The first ascent of the Eiger was made by Swiss guides Christian Almer and Peter Bohren and Irishman Charles Barrington, who climbed the west flank on August 11, 1858. The north face, the "last problem" of the Alps, considered amongst the most challenging and dangerous ascents, was first climbed in 1938 by an Austrian-German expedition. The Eiger has been highly publicized for the many tragedies involving climbing expeditions. Since 1935, at least 64 climbers have died attempting the north face, earning it the German nickname Mordwand, literally "murder(ous) wall"—a pun on its correct title of Nordwand (North Wall).

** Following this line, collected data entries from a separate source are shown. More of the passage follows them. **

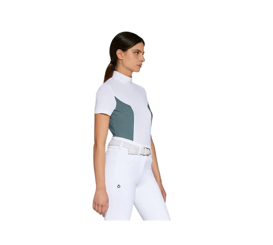 Cavalleria Toscana 女款白領比賽短袖上衣。腰部兩側湖水綠拼色的布料採用網眼面料,即使在台灣炎熱的氣候裡也能保持涼爽的理想選擇。白色面料為舒適親膚的萊卡材質,同樣保有了透氣、速乾的特性,保證騎手穿上後無與倫比的舒適度與靈活度。隱藏式的拉鍊,讓整件上衣看起來更乾淨俐落、有一致性。
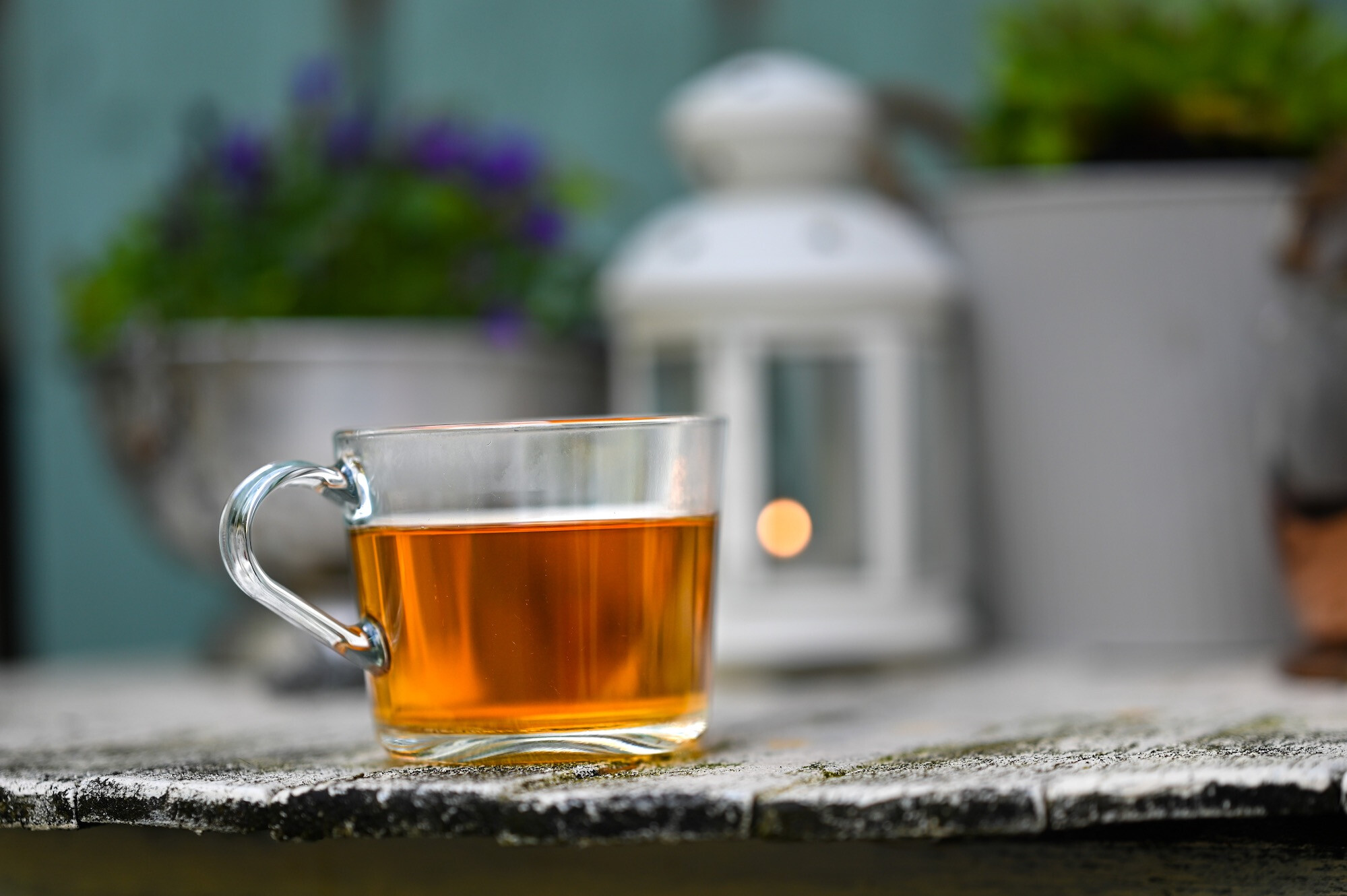 - Combine todos os ingredientes junto com 60ml/2 doses de água quente em um mixing glass
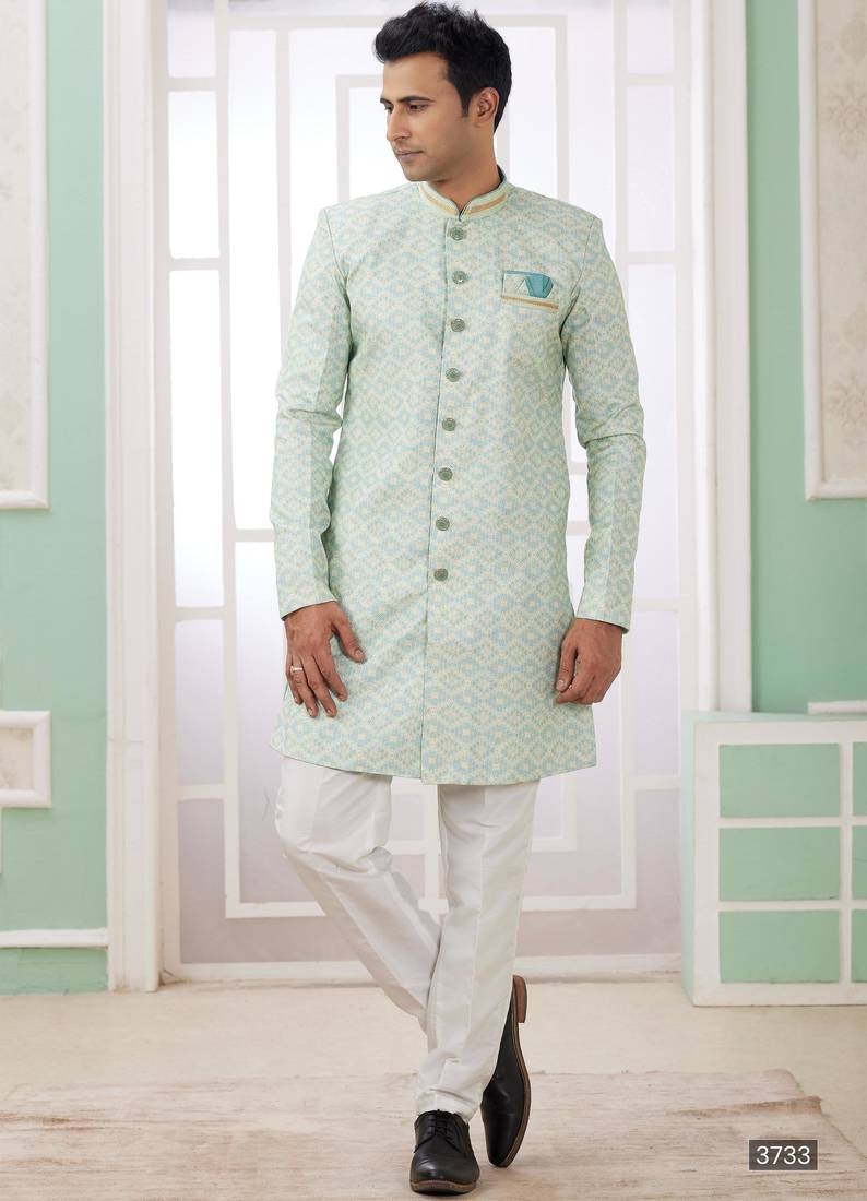 | Product Name | Green Banarasi Jacquard Semi Indo For Men | |
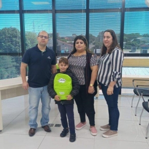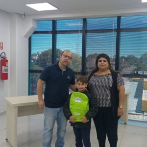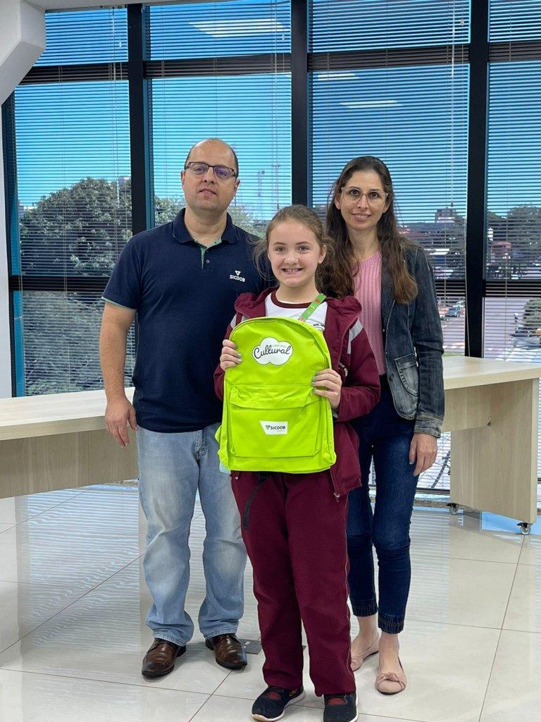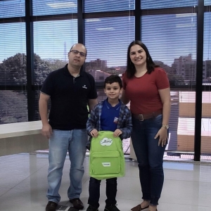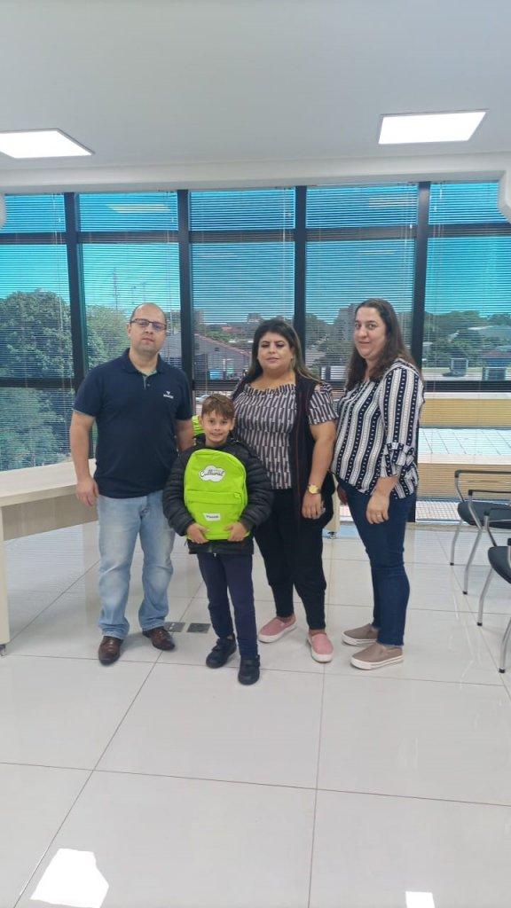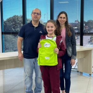 Escola Municipal Willy Barth: Gabriel Henrique Schulz, 3º ano, da professora Fabia Ferreira Philippsen, realizado pela professora da disciplina de Arte, Joceli Pereira dos Santos, acompanhados da diretora, Queila C. Hafemann Zimmermann.

Although the summit of the Eiger can be reached by experienced climbers only, a railway tunnel runs inside the mountain, and two internal stations provide easy access to viewing-windows carved into the rock face. They are both part of the Jungfrau Railway line, running from Kleine Scheidegg to the Jungfraujoch, between the Mönch and the Jungfrau, at the highest railway station in Europe. The two stations within the Eiger are Eigerwand (behind the north face) and Eismeer (behind the south face), at around 3,000 metres. The Eigerwand station has not been regularly served since 2016.

==Etymology==
The first mention of Eiger, appearing as "mons Egere", was found in a property sale document of 1252, but there is no clear indication of how exactly the peak gained its name. The three mountains of the ridge are commonly referred to as the Virgin (German: Jungfrau – translates to "virgin" or "maiden"), the Monk (Mönch), and the Ogre (Eiger; the standard German word for ogre is Oger).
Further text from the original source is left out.